I drive a Talbot Merlin, which is not very good off road, front wheel drive coupled with lots of weight on the back axle is not a good combination. I often have to drive over grass to get to flying sites and have been thinking of getting snow chains to help with traction. Has anyone any experience of using snow chains for this purpose, or useful advice to give? I don't want to change the van for a different one and don't want to fit aggressive tread pattern tyres. Regards.


----------



## Malantina (Sep 8, 2010)

Never used snow chains, but got stuck on an aire in germany and had those fiamma yellow runners to put under the wheels............chocolate fireguard springs to mind and never bothered carrying them since!! On that occasion small branches and a blanket saved the day.But snow chains maybe worth a consideration if you already own some, would be interesting to hear if anyone has used them in mud to good effect!


----------



## paulmold (Sep 8, 2010)

I would think snow chains would make a mess of grass and might not be welcomed by land owners. Have a look on ebay for 'tyre socks', a less agressive version.


----------



## Bernard Jones (Sep 8, 2010)

I drove lorries over farm tracks and building sites for many years so have a lot of experience in trying to get traction on soft ground.
Tyre chains work best when there is a solid road underneath the snow and ice so you can't dig yourself in deep. (Absolute B****** of a job to fit tyre chains when you are already stuck in the snow.) Tyre chains on grass would very likely make matters worse as there is nothing to stop you digging yourself in deep.
Large wheels help as they sink in less than small wheels. But the overwhelming factor is the percentage of weight on the driven wheels.


----------



## Deleted member 967 (Sep 8, 2010)

Malantina said:


> Never used snow chains, but got stuck on an aire in germany and had those fiamma yellow runners to put under the wheels............chocolate fireguard springs to mind and never bothered carrying them since!! On that occasion small branches and a blanket saved the day.But snow chains maybe worth a consideration if you already own some, would be interesting to hear if anyone has used them in mud to good effect!


 
The yellow pads are OK if you put them under the wheels as you park to help stop the drive wheels sinking into the ground.  They also give some traction to get you moving.  If you haven't got enough momentum to keep going once off them, then it's other methods as they are no good once you are stuck.

John


----------



## jogguk (Sep 8, 2010)

Norris said:


> I don't want to change the van for a different one and don't want to fit aggressive tread pattern tyres. Regards.

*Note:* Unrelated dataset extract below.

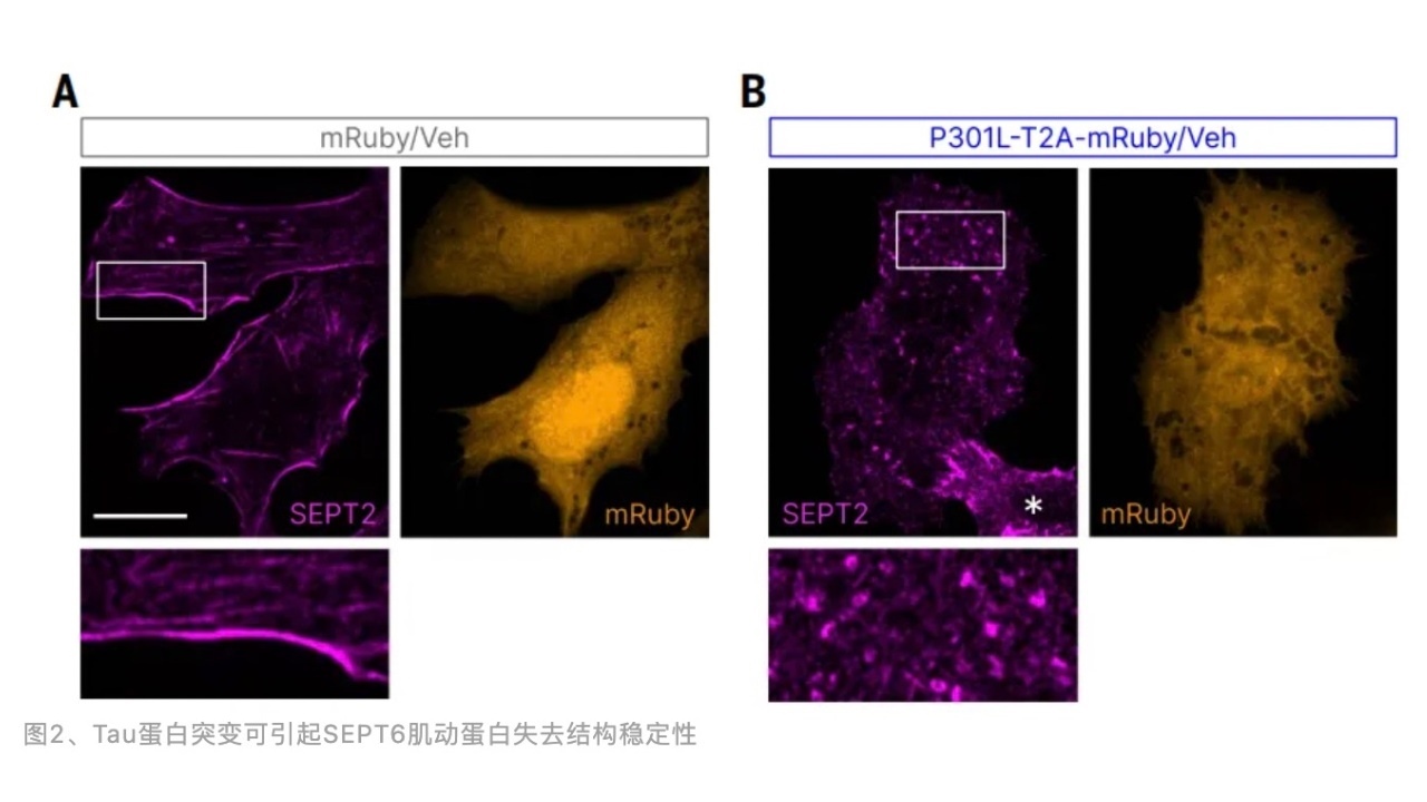 离体细胞实验表明Tau蛋白突变可引起SEPT6肌动蛋白大面积的重构,失去结构稳定性,而REM127可显著恢复这种结构失稳。因此,Tau蛋白突变可引起SEPT6肌动蛋白结构失稳,增加内质网膜和细胞质膜接触位点面积,激活SOCC通道引起钙离子内流。

I really can't understand M/H users dislike for decent "fit for purpose tyres" In fact there appears a distinct dislike for anything that does not resemble a normal car type tread pattern and it must say "camping" on the sidewall 

There is such a good choice in A/T (all terrain) tyres that are suitable these days as many have the higher load capacity which was the limiting factor a few years ago and now newer low profile designs. General Tyre Co have a range squarely aimed at vans and even the Continental cross contact range (check the loading) are suitable, but a bit expensive. 

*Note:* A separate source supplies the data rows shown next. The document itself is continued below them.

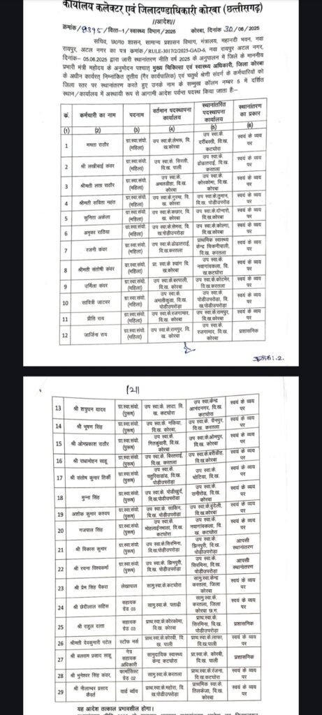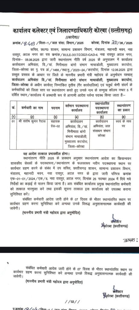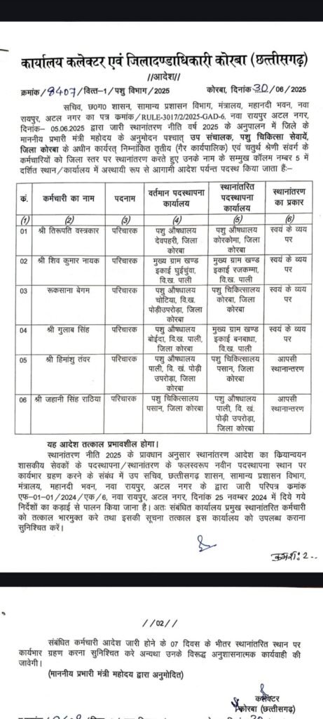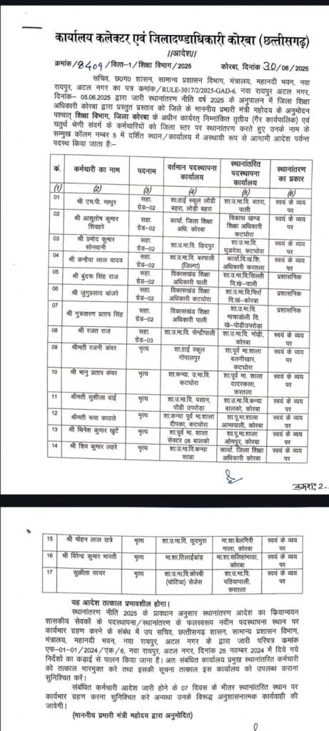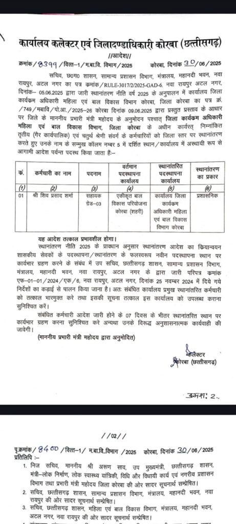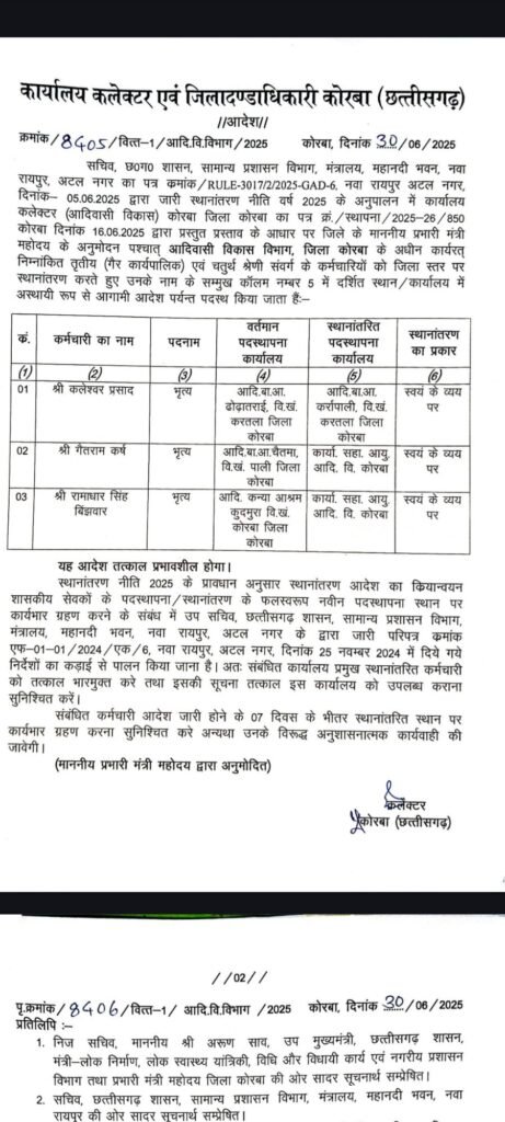 कोरबा, छत्तीसगढ़ शासन के सामान्य प्रशासन विभाग की स्थानांतरण नीति 2025 के परिपालन में जिले के प्रभारी मंत्री के अनुमोदन पश्चात कोरबा कलेक्टर अजीत वसंत ने विभिन्न विभागों में कर्मचारियों के तबादले किए हैं। तबादला संबंधी आदेश जारी कर दिया गया है। यह तबादले संबंधित कर्मियों द्वारा आपसी सहमति, स्वयं के व्यय पर तथा कुछ मामलों में प्रशासनिक स्तर पर किए गए हैं। उपरोक्त सभी कर्मचारियों को नई पदस्थापना स्थल पर सात दिवस के भीतर कार्यभार ग्रहण करने निर्देशित किया गया है।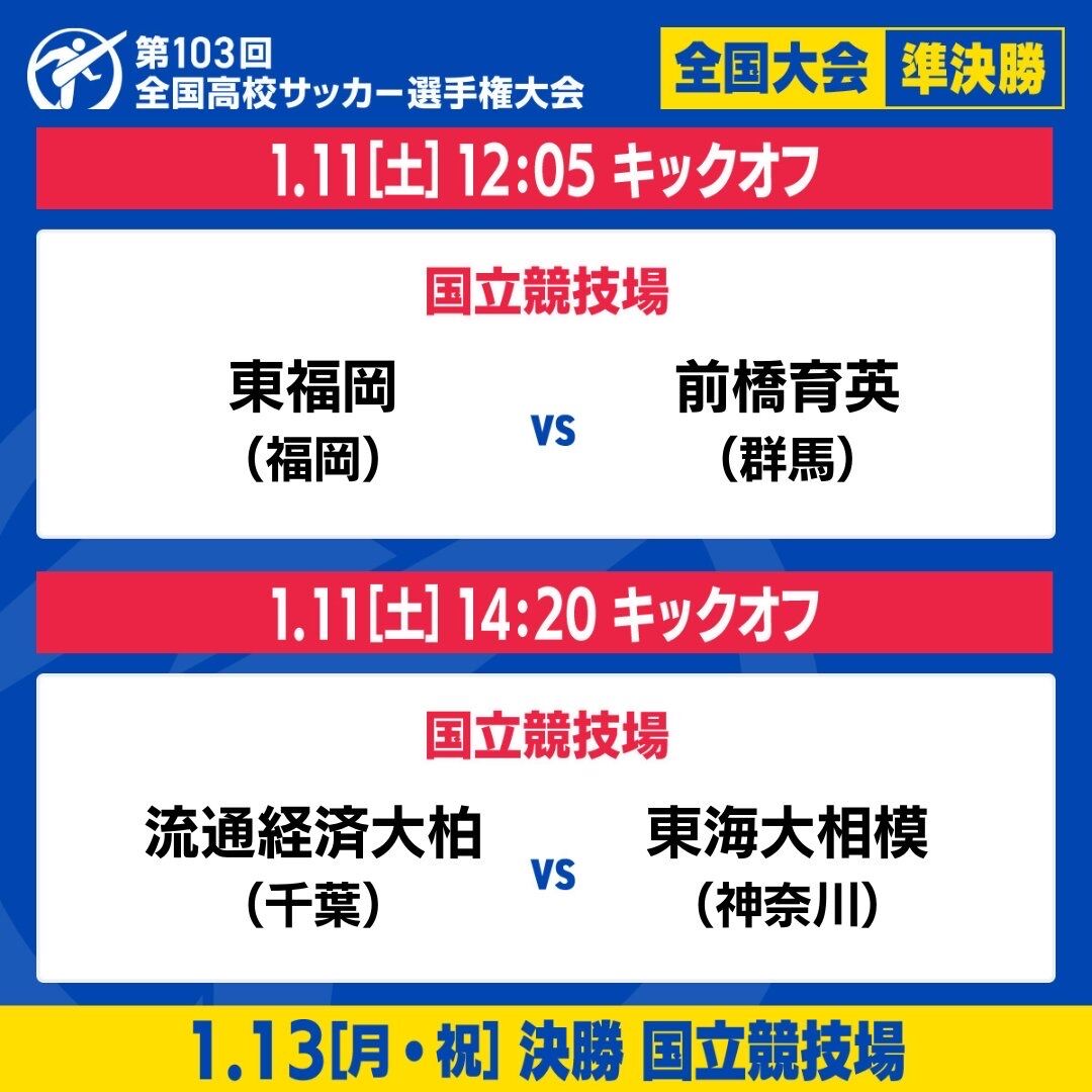 12時5分キックオフの第1試合では東福岡(福岡)と前橋育英(群馬)が決勝進出をかけて激突する。続く14時20分試合開始予定の第2試合では流通経済大柏(千葉)と東海大相模(神奈川)が対戦する。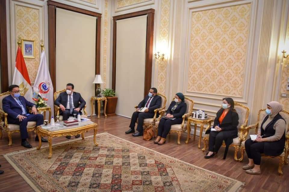 السفير الكازاخستاني يوجه الشكر للدكتور خالد عبدالغفار على مجهوداته في مجال الصحة ويؤكد أهمية الاستفادة من الخبرات المصرية في مجال تصنيع لقاحات فيروس كورونا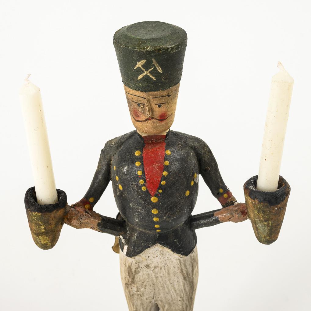 Figure of a miner with 2 candle nozzles and a paper mine leather (so-called "ass leather"). Paint defects, dry cracks, old repairs to the nozzles.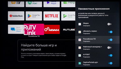 В телевизоре предустановлено достаточное количество приложений, часть из которых растеряла свою актуальность на территории РФ. Но уже хорошо известное нам приложение RuTV Link в котором можно быстро найти всё необходимое российское ПО (браузер Яндекс, различные стриминговые сервисы и онлайн-кинотеатры). Список приложений постоянно пополняется — обновления выходят часто.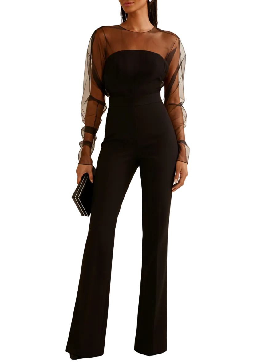 Este mono elegante de manga larga destaca por su cuello redondo de malla negra, que aporta un toque sutilmente sensual y refinado. Su silueta estilizada y su acabado cuidado lo convierten en una opción ideal para eventos especiales o looks nocturnos con una estética elegante y moderna.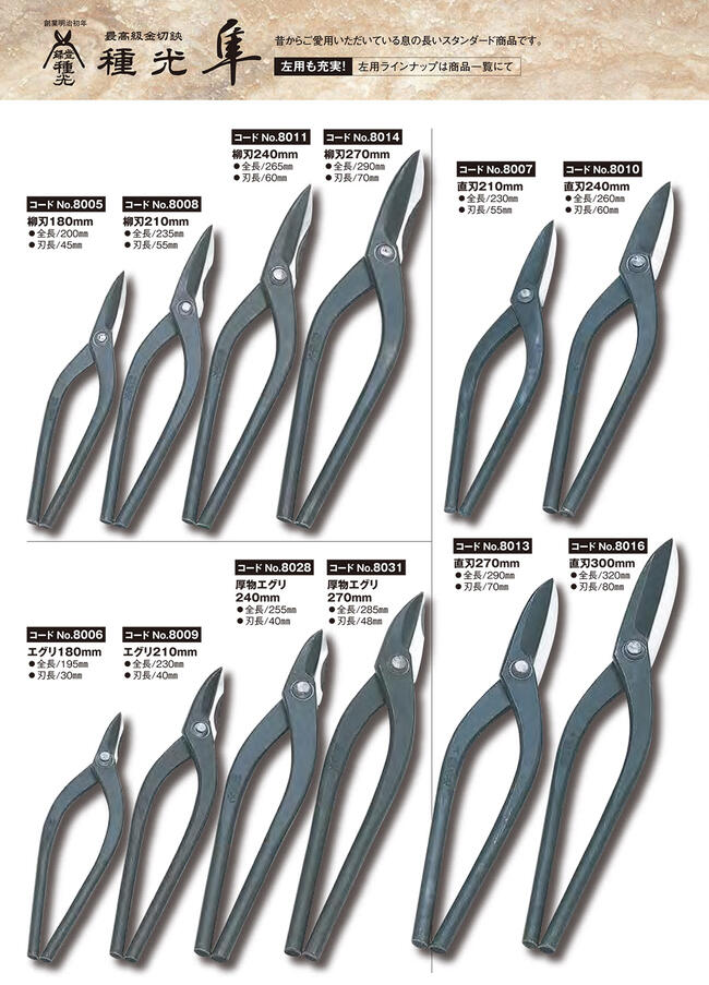 種光 本職用 隼 直刃 スタンダードシリーズ 右利き用 左利き用 金切鋏 板金鋏 板金道具 板金工具 最高級金切鋏 燕三条 日本製 ツボタ

You don't need out and out M/T (mud terrain).  Something like the Enduro Runway A/T (80% on road 20% off road) will make a big difference and at only 70 odd quid a go are good value too I run them on my 4 ton camper and no they are not noisy on tarmac

John


----------



## Deleted member 4850 (Sep 8, 2010)

I tried chains on grass once - ended up in Australia.

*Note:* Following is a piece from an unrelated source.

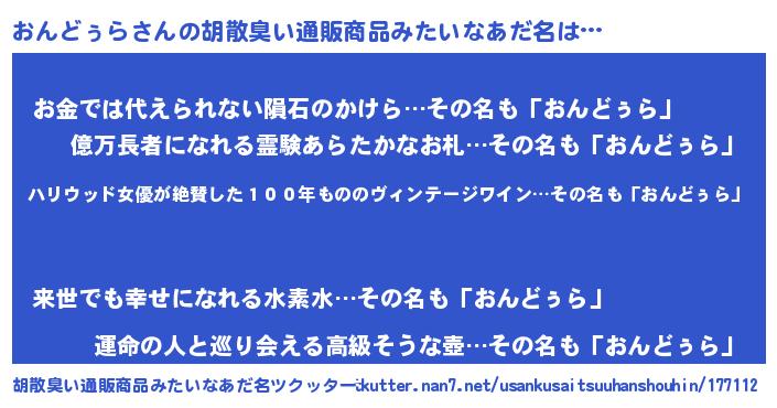 | 意味不明あだ名 | 『住所不定無職おんどぅら(6歳)』 |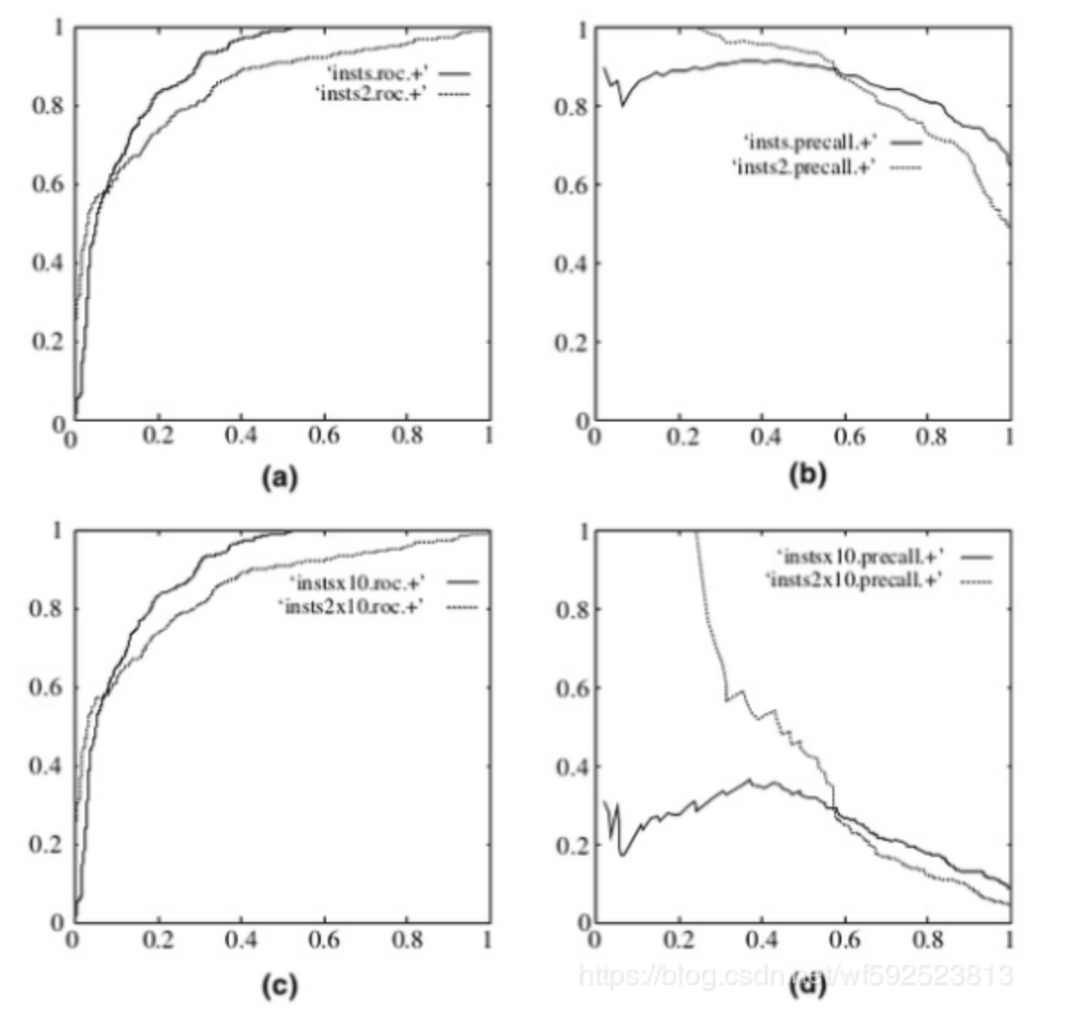 a,c为ROC曲线,b,d为P-R曲线;a,b 为在原始测试集(balanced)上的结果(两个2分类器的ROC曲线和P-R曲线),c,d为把原始数据集的负样本增加10倍后的结果。很明显,ROC曲线基本保持不变,P-R曲线变化较大。

I agree that investing in the right tyres is a good move but if you don't venture onto soft ground very often, we found that two of those rubber link-type doormats tied to the bumper with a length of rope (so you don't have to stop to pick them up until you're on harder ground) works well for soft ground and for snow.


----------



## Deleted member 207 (Sep 9, 2010)

Snow/mud chains work reasonably well if fitted before getting onto slippery ground, not too crash hot after the event - as others have said they just help you dig a deeper hole.

The diamond pattern chains are the best for mud - ladder type is next to useless in mud.

There's plenty of winter tread tyres out there that have a more aggressive tread pattern for snow. But once the treads fill with mud its a pointless exercise and you just have to start looking for tractors or a passing 4x4.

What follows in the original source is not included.